## WORK REQUEST
Could the listing be repeated exactly, with every picture dropped?

## COLLECTED MATERIAL
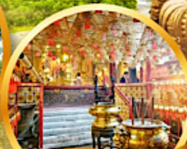
วัดม้านใหม่
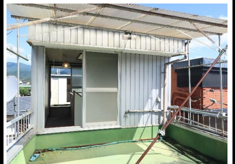
3F・ペントハウス南側
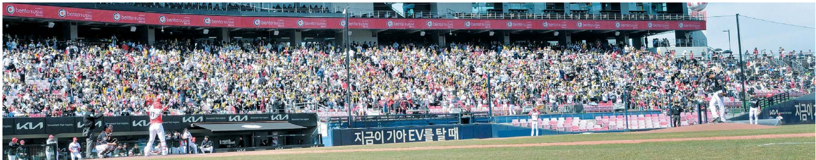
‘반갑다, 프로야구!’ 불기운이 완연한 지난 16일 오후 광주기아챔피언스필드에서 열린 2024 한국프로야구 KIA 타이거즈와 KT 위즈 시범경기를 찾은 관중들이 열띤 응원을 펼치고 있다. >관련기사 16면
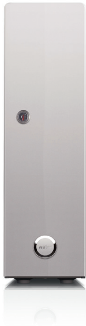
modul on water

## OUTPUT
วัดม้านใหม่
3F・ペントハウス南側
‘반갑다, 프로야구!’ 불기운이 완연한 지난 16일 오후 광주기아챔피언스필드에서 열린 2024 한국프로야구 KIA 타이거즈와 KT 위즈 시범경기를 찾은 관중들이 열띤 응원을 펼치고 있다. >관련기사 16면
modul on water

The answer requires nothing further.